I smile. I swear I do. But Violet’s eyes go dark and her jaw clenches.

“That son of a bitch!” she hisses. “I’ll kill him for you, don’t you worry about a thing, girl. I’ll send his body back to Italy in pieces and Aunt Sofia will handle things on that end. She knows people.” She makes it sound like that’s a perfectly normal thing to do.

“No, no,” I argue weakly. “It’s fine. I’m fine. Everything’s fine.” If I say it enough, it’ll have to be true, right?

She huffs out a laugh of disbelief then points at me with a short, manicured nail. “Keep on believing that, Abs. Good girl.”

She shoves me inside the apartment, taking my suitcase from me. It disappears, and I can’t care to see if she puts it in my bedroom or the bathroom or . . . hell, the kitchen, for all I know. As long as she’s not destroying more walls, it’s probably for the best that she manages it instead of me.

Archie and Courtney are poised in the living room, cards in front of them, pennies in one hand and wine glasses in the other.

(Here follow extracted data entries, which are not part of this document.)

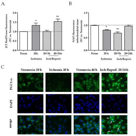 We then focused on mitochondrial balance, an early playmaker in cell response during I/R. Mitochondrial membrane potential, expressed as the ratio of the red/green fluorescence intensity of the JC-1 dye, was increased right after 20 h of ischemia and 24 h after reperfusion (35% and 48% increase versus normoxic control cells, p < 0.05 and p < 0.01, respectively) (Figure 5A). The nonyl acridine orange (NAO) signal, which indicates mitochondrial mass, was decreased by 20 h ischemia and even more deeply after 3 h of reperfusion (20% and 30%, p < 0.05 and p < 0.01, respectively); it recovered after 24 h of reperfusion (Figure 5B).
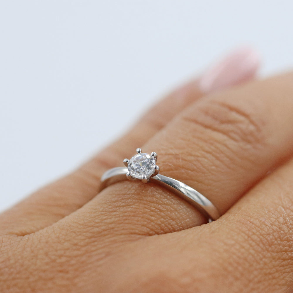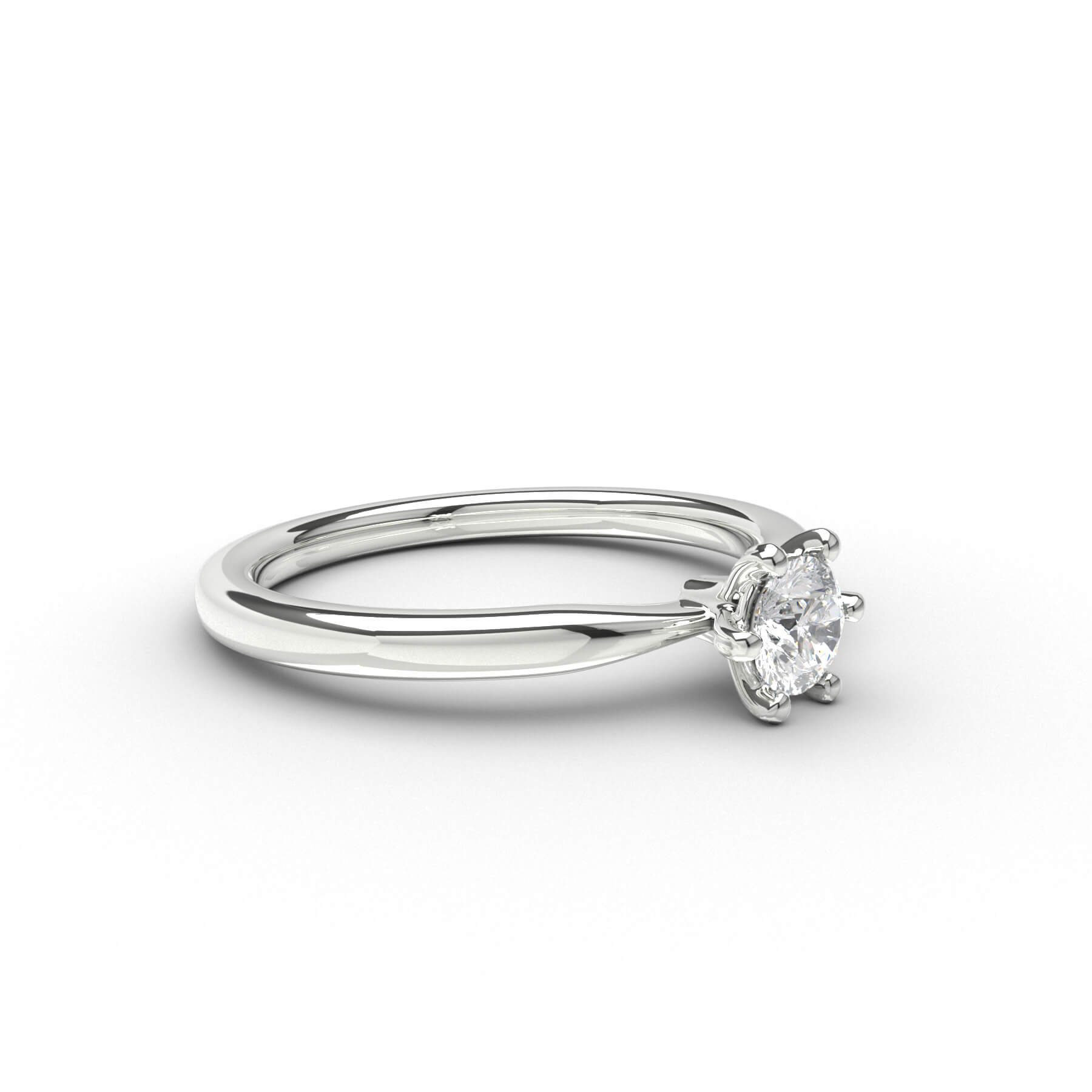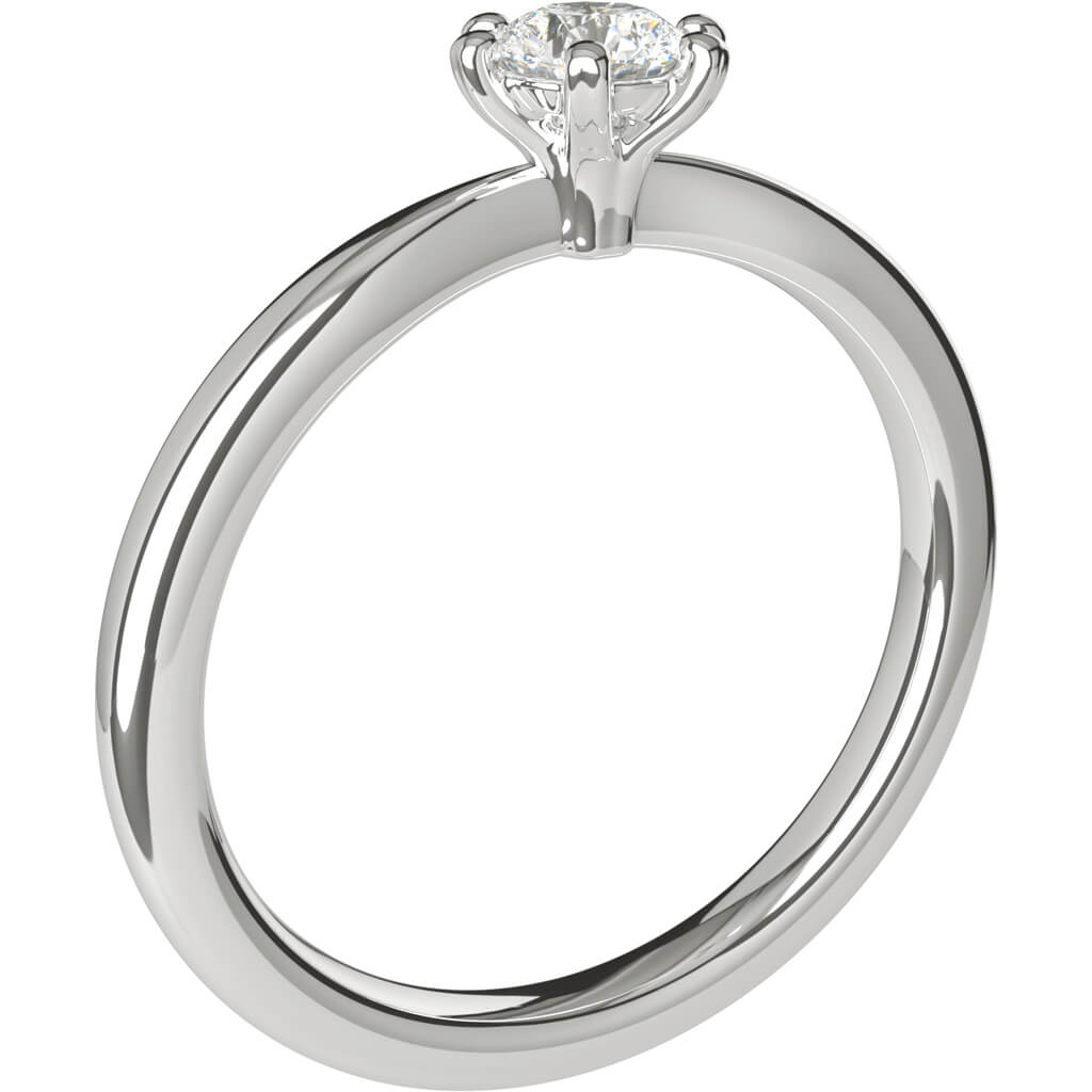 The ring's soft shape and tasteful waist draw attention to the beautiful diamond, which is securely encased by six claws while allowing its shimmering luster to shine freely.
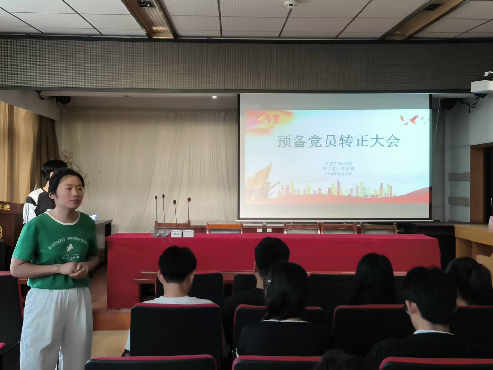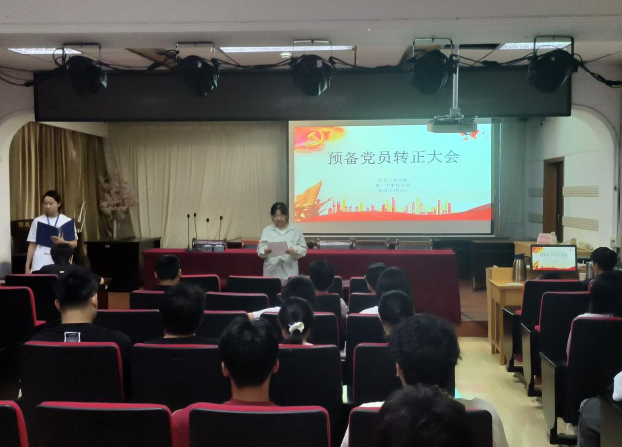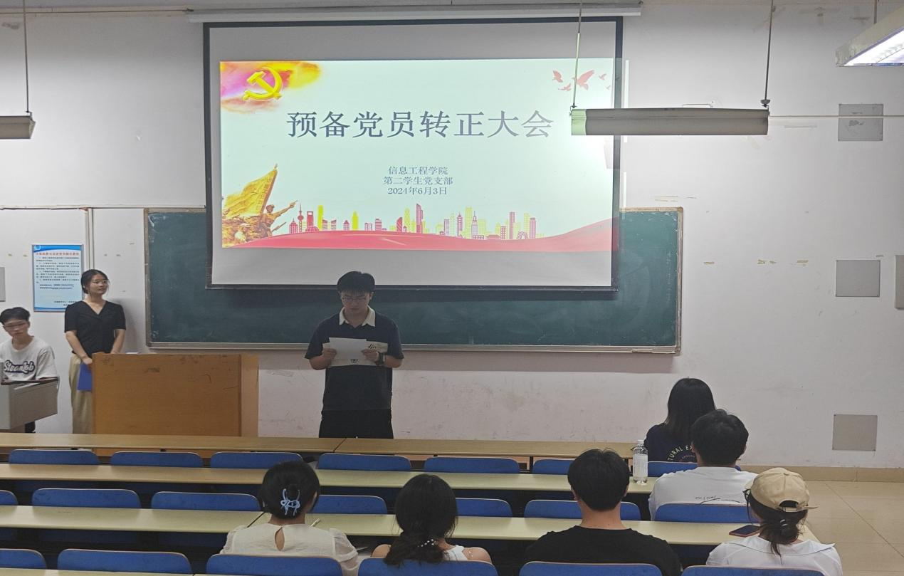 本网讯(学生记者/郭子豪)6月3日,信息工程学院各学生党支部分别在12教209、14教106召开预备党员转正大会,审议、讨论、表决许芮等20名预备党员的转正事宜,各学生党支部书记出席本次会议,全体学生党员参加会议。
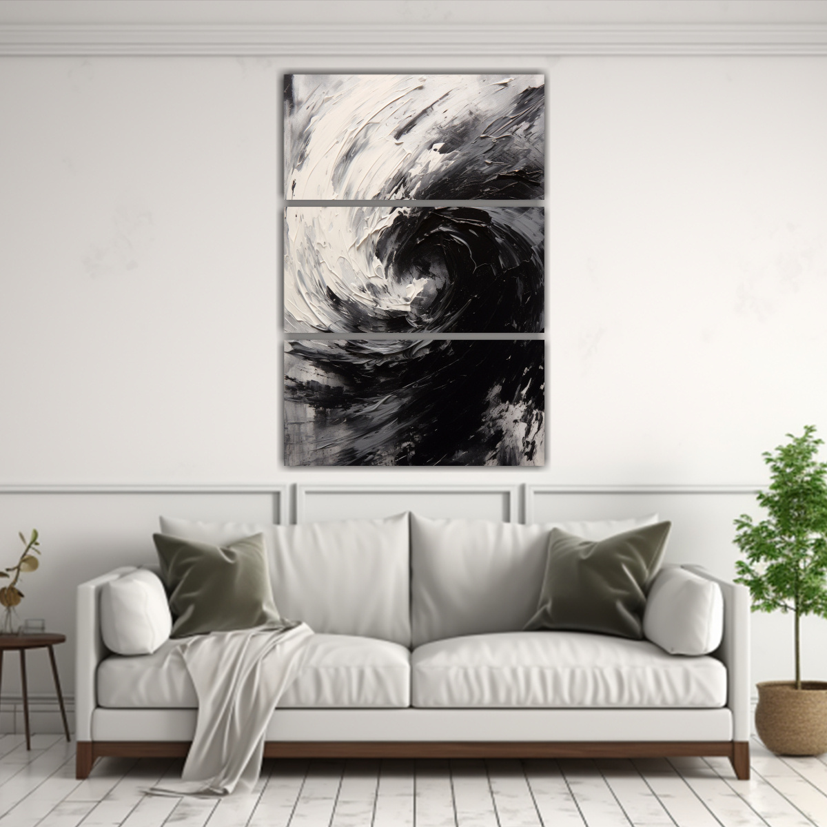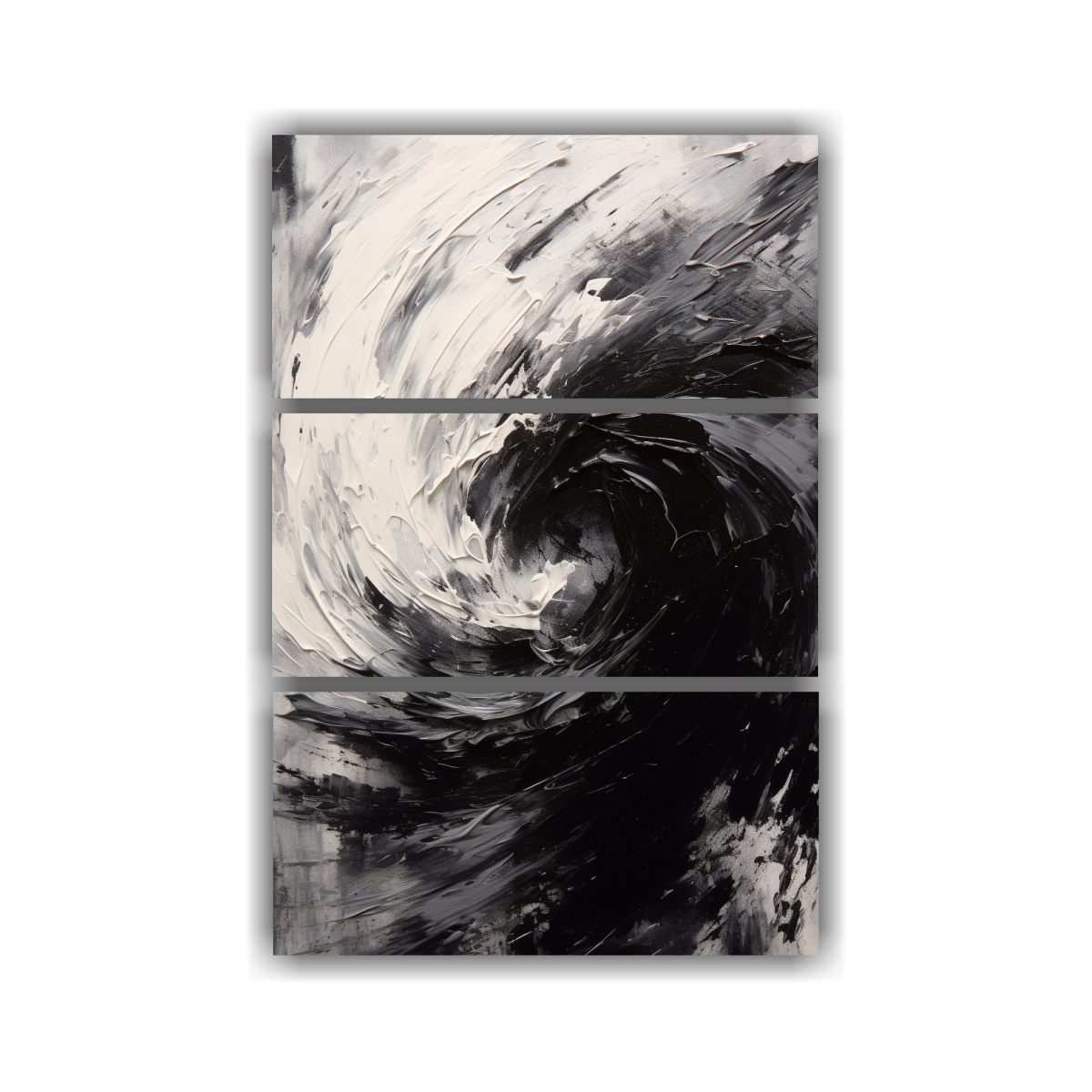Pintura Abstracta De óleo En Blanco Y Negro, Líneas Finas, Tema De Tres Lienzos
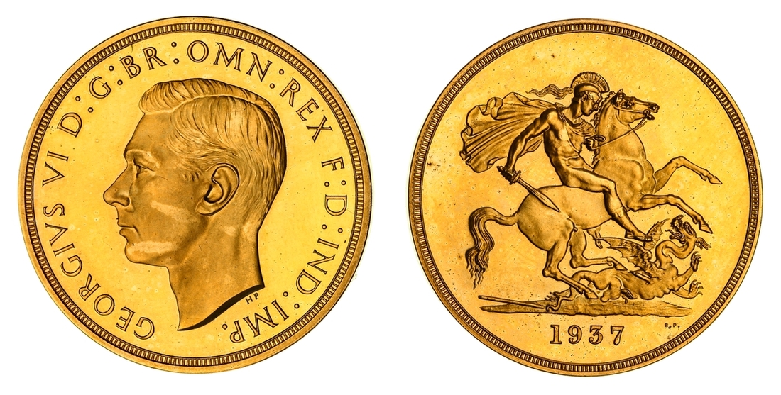 (g) NGC PF63 UCAM | George VI (1936-1952), Coronation 'Specimen' Proof Five-Pounds, 1937, bare head left, rev. St. George and Dragon, edge plain, 39.98g*, 12h (L&S 1; W&R 435; Schneider II, 670; Hill F40; EGC 1454; S.4074), some patchiness to otherwise sharper cameo portrait, a choicer example of this Modern scarcity, much as struck, in NGC Black 'Pallas' holder, graded PROOF 63 ULTRA CAMEO (Cert. #8534329-007)

“Let’s go, girl! I have faith that I’ve got the winning card!” Archie says with a jerk of his chin toward the glitter-accented paper in front of him.

Glitter is the herpes of crafting materials. Once you’ve got it, there’s no un-getting it. My apartment’s done for. It’ll be perpetually covered in gold glitter for the rest of the time I live here no matter how many times I vacuum. I should move out now and forfeit my security deposit.

I flop to the couch, half falling on Courtney who lets out a whoop of surprise and almost spills her filled-to-the-brim wineglass, which would be a double tragedy because she’s wearing cute jeans and sitting on my white couch. “Hey! Watch it!”

I steal her wine glass, upend it, and chug it down in one go like I’m a sorority girl with a curfew and a crush on the quarterback of the football team. I hold it up, barely a spot of red in the bottom. “Again.”

Courtney and Archie meet eyes over my head, worry and shock in both, I imagine. Violet swoops in from wherever she took my suitcase.

“One more, and then you’re cut off,” Violet declares as she grabs my glass, refills it, and then gives it back. I look at her wryly as she gets Courtney a fresh glass too.

“Okay, hit us with it,” Courtney demands, “so we know what we’re dealing with.” She’s a planner, always has been and always will be. By the time I get this story out, she’ll have it analyzed from every angle, thought of at least three different ways to handle it, mentally argued the pros and cons of each with herself, and then . . . she’ll tell me what I need to do. Usually, it drives me nuts. Right now, I would love for someone to tell me what the fuck just happened and why I feel like I left something vital in Aruba.

Like a foot. Or a hand. Or . . . my heart?

“Dream gig in paradise, you know that part. But the wedding planner was a total pain in the ass. Nothing was good enough and she kept calling me ‘flower girl’ and ‘Miss Andrews’.” I imitate Meredith’s snooty manner.